- TASK REQUIREMENTS
Your copy should begin with the line containing "特徴(性格など) | シャム猫の男の子、シャイくんです。", end with the line containing "Cho giá trị", match the listing below exactly, and contain no pictures.

- RECORDS FOR THE EXERCISE
========================================================================
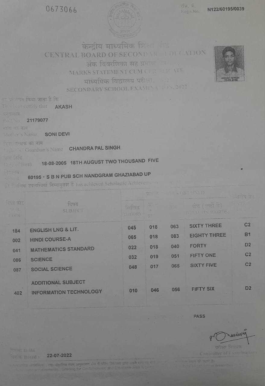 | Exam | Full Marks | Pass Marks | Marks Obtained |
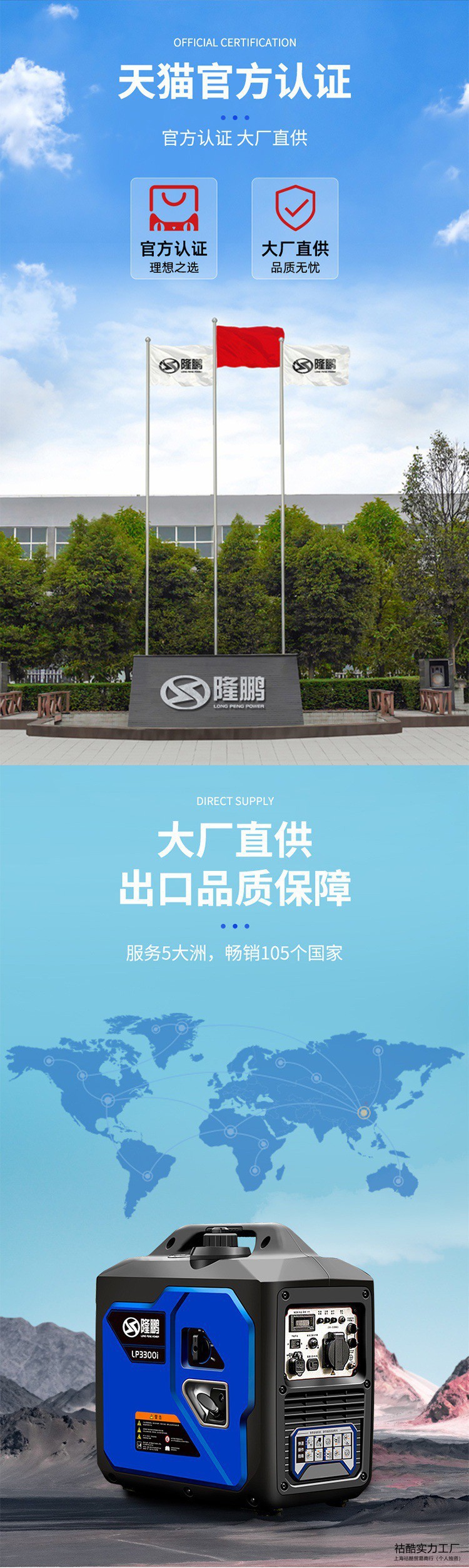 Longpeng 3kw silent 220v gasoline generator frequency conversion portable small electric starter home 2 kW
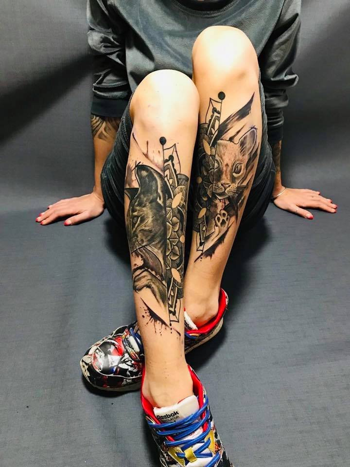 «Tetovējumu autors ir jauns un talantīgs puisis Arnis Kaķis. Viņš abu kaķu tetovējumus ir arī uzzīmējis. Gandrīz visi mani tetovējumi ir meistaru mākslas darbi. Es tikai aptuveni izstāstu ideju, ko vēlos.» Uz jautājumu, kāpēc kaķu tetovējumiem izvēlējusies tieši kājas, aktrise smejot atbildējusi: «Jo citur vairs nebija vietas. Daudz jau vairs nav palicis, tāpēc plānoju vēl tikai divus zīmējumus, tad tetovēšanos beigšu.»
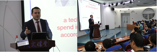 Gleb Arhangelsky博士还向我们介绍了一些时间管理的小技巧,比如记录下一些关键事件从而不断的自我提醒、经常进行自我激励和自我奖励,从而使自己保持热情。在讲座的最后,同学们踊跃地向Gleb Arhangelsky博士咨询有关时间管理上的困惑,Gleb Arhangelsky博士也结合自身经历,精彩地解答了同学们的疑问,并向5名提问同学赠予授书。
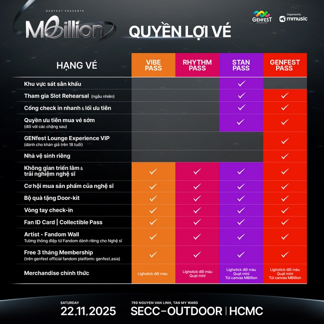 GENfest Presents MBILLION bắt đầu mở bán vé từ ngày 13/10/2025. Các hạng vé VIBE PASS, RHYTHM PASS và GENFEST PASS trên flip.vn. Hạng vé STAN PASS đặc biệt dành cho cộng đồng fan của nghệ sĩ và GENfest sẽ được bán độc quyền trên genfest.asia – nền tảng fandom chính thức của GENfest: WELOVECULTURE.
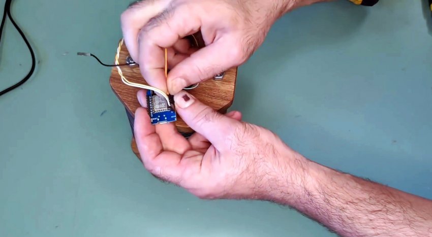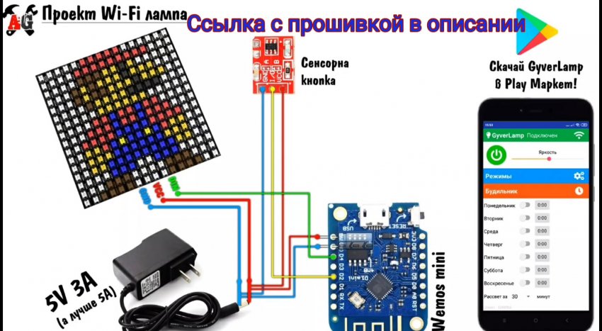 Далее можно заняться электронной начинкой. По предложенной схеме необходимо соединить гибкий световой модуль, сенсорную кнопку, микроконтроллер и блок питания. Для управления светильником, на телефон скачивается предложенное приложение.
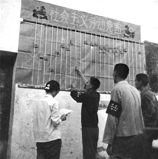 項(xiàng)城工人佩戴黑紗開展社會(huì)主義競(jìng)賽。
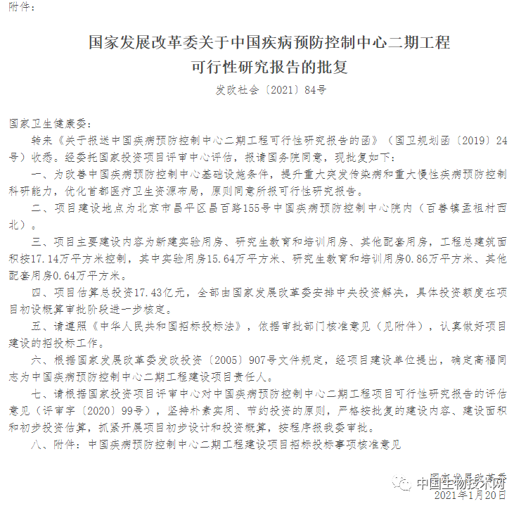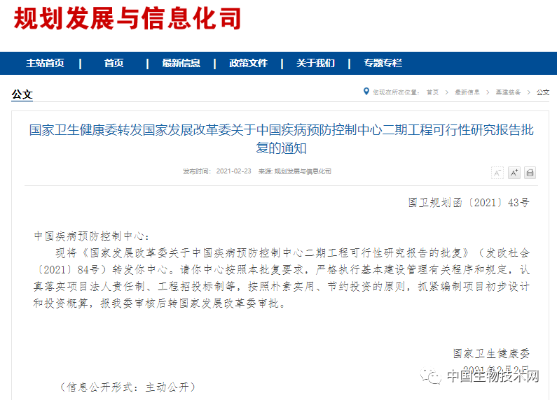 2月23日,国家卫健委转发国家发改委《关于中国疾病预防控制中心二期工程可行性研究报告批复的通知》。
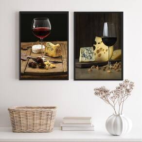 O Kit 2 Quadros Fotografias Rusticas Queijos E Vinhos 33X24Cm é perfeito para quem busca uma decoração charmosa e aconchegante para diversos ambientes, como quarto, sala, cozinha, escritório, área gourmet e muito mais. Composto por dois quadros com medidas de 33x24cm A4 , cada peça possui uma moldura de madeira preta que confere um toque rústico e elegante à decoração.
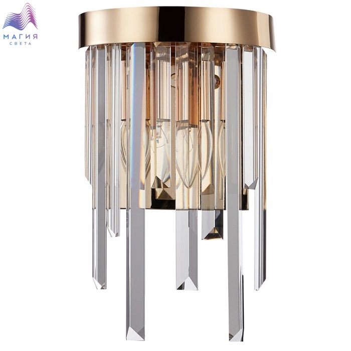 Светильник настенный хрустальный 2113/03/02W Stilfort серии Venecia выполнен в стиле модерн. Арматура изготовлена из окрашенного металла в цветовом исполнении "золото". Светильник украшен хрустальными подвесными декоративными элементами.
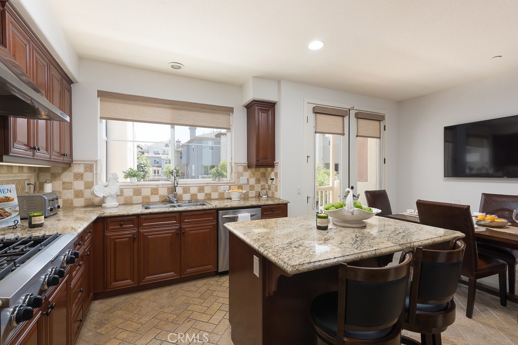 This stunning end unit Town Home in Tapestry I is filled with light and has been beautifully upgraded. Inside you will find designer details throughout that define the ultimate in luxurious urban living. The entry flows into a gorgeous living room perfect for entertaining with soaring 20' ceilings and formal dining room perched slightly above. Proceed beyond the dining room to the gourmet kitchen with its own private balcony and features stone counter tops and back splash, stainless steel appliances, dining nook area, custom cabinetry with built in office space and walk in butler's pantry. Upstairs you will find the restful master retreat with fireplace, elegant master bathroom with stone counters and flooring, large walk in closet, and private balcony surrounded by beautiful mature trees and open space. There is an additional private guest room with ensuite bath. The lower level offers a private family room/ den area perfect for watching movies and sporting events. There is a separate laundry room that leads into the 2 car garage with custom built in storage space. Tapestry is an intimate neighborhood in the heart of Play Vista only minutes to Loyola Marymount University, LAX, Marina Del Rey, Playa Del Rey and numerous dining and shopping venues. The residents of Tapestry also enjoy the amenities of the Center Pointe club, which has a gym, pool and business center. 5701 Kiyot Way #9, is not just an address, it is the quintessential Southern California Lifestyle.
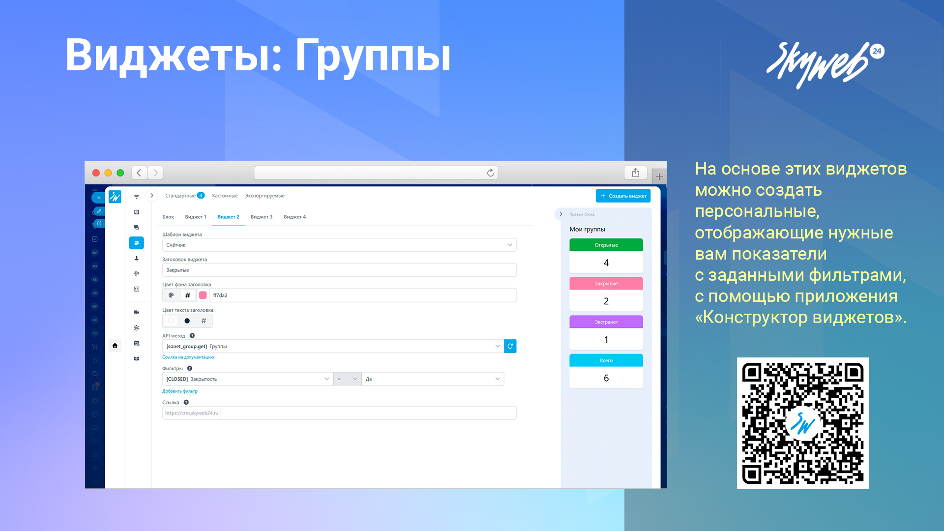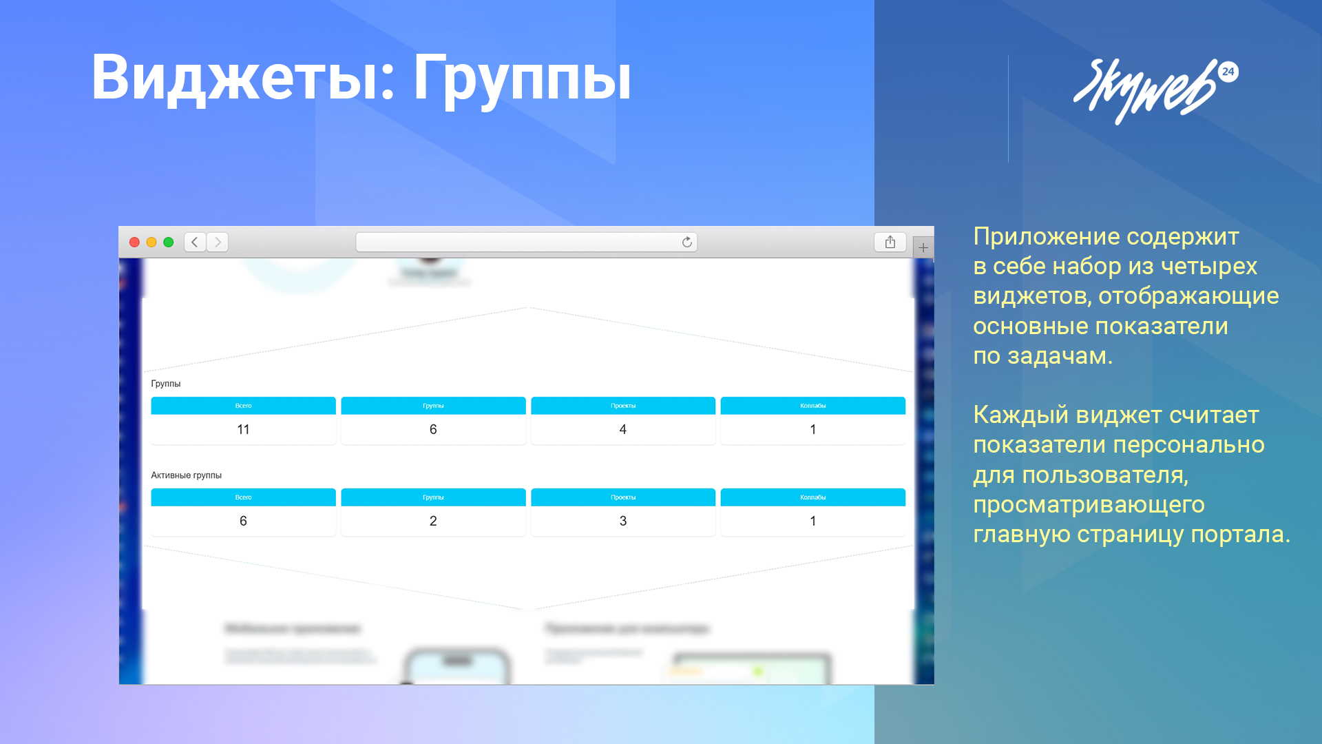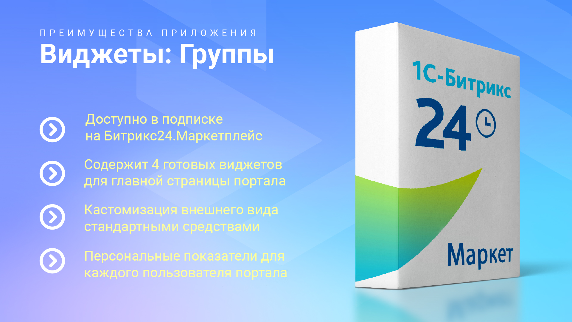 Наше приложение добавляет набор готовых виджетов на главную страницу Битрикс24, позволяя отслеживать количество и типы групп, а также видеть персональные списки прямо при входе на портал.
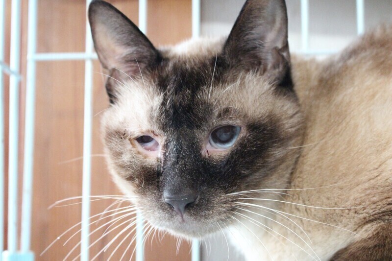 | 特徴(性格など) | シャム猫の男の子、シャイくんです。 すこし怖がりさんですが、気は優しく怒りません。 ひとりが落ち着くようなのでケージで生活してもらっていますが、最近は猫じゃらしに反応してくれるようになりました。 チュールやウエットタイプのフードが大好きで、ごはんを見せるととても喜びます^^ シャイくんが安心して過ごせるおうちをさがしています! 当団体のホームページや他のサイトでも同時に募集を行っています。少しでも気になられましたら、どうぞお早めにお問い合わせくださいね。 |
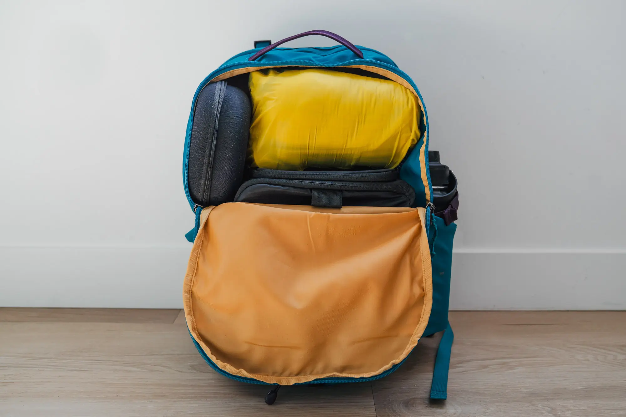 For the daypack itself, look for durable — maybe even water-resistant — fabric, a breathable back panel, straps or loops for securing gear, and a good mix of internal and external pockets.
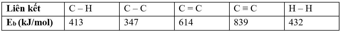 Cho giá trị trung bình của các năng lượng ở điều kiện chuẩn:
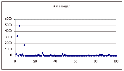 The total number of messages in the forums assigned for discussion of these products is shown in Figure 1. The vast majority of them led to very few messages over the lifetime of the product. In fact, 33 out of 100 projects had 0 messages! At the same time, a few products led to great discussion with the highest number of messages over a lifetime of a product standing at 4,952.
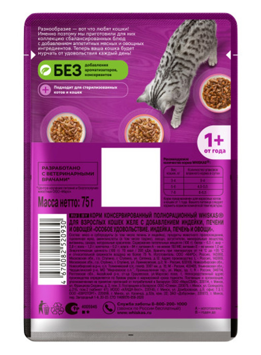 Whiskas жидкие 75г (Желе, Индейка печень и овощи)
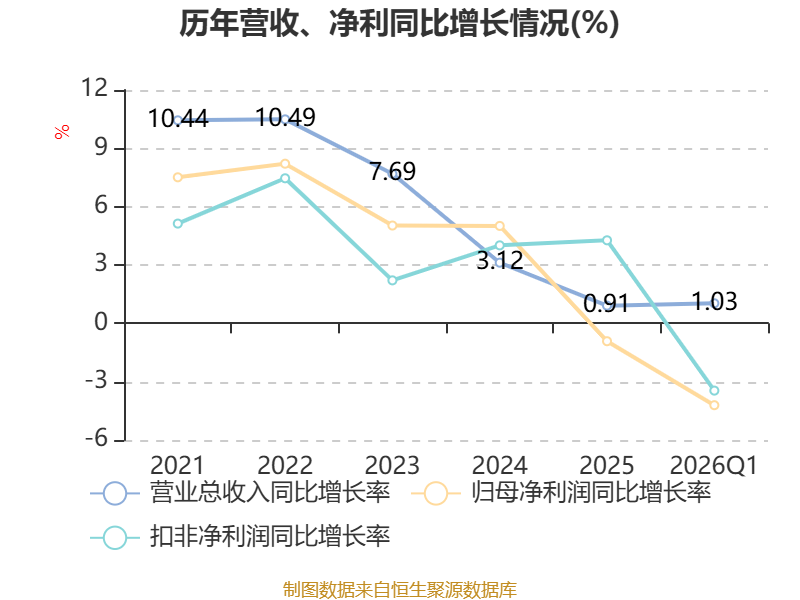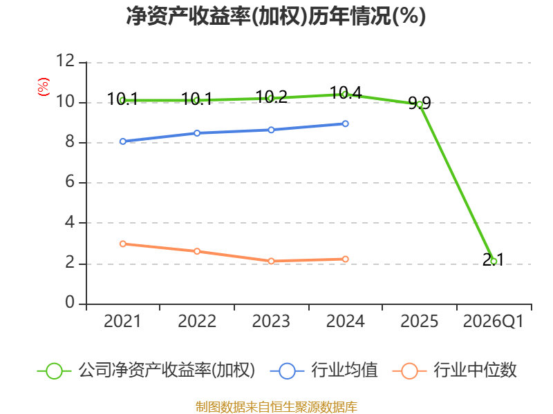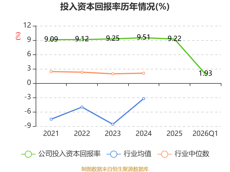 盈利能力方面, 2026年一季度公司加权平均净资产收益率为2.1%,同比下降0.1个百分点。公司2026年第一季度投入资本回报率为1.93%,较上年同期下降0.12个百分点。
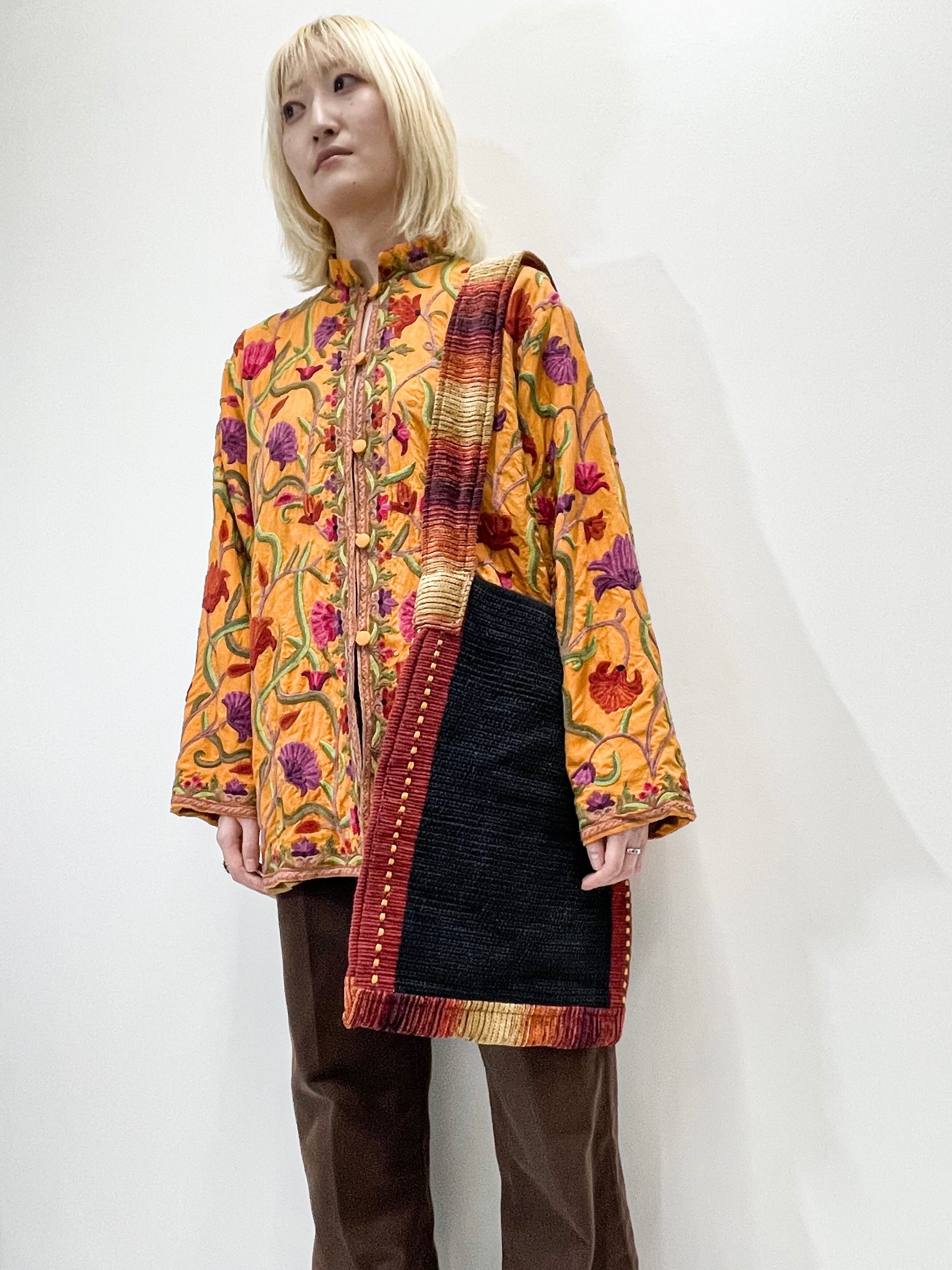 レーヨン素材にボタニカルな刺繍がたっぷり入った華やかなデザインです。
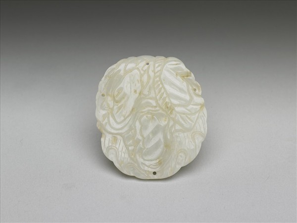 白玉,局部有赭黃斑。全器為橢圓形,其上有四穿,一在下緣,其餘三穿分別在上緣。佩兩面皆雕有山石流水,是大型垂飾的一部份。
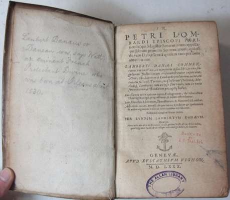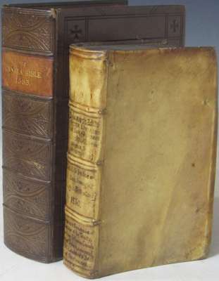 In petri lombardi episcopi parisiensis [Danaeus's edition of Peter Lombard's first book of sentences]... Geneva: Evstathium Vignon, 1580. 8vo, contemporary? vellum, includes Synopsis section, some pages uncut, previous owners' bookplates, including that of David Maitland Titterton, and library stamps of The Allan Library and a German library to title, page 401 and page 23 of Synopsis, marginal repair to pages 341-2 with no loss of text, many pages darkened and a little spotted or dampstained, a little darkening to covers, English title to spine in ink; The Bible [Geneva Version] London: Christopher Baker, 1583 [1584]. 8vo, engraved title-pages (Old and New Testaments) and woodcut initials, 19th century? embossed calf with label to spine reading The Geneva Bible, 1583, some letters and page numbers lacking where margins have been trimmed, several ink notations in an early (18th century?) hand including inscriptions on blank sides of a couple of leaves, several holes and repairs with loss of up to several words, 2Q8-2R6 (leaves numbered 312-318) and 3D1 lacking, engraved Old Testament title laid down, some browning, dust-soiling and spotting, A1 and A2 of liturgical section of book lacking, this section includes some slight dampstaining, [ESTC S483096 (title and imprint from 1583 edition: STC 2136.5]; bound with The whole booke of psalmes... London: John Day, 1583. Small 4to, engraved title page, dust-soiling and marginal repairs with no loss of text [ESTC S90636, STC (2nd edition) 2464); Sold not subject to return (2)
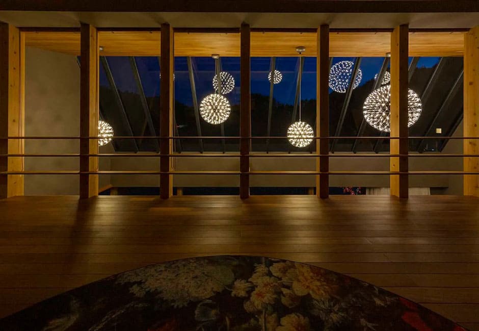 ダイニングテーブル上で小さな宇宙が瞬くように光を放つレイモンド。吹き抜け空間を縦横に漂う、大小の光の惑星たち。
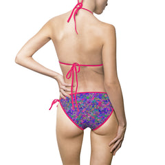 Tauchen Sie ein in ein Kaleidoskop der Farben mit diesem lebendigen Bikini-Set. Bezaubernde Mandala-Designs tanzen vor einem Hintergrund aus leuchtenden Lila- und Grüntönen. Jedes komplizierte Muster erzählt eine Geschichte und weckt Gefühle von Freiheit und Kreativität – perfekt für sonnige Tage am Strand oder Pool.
========================================================================
- TASK SOLUTION
 | 特徴(性格など) | シャム猫の男の子、シャイくんです。 すこし怖がりさんですが、気は優しく怒りません。 ひとりが落ち着くようなのでケージで生活してもらっていますが、最近は猫じゃらしに反応してくれるようになりました。 チュールやウエットタイプのフードが大好きで、ごはんを見せるととても喜びます^^ シャイくんが安心して過ごせるおうちをさがしています! 当団体のホームページや他のサイトでも同時に募集を行っています。少しでも気になられましたら、どうぞお早めにお問い合わせくださいね。 |
 For the daypack itself, look for durable — maybe even water-resistant — fabric, a breathable back panel, straps or loops for securing gear, and a good mix of internal and external pockets.
 Cho giá trị trung bình của các năng lượng ở điều kiện chuẩn:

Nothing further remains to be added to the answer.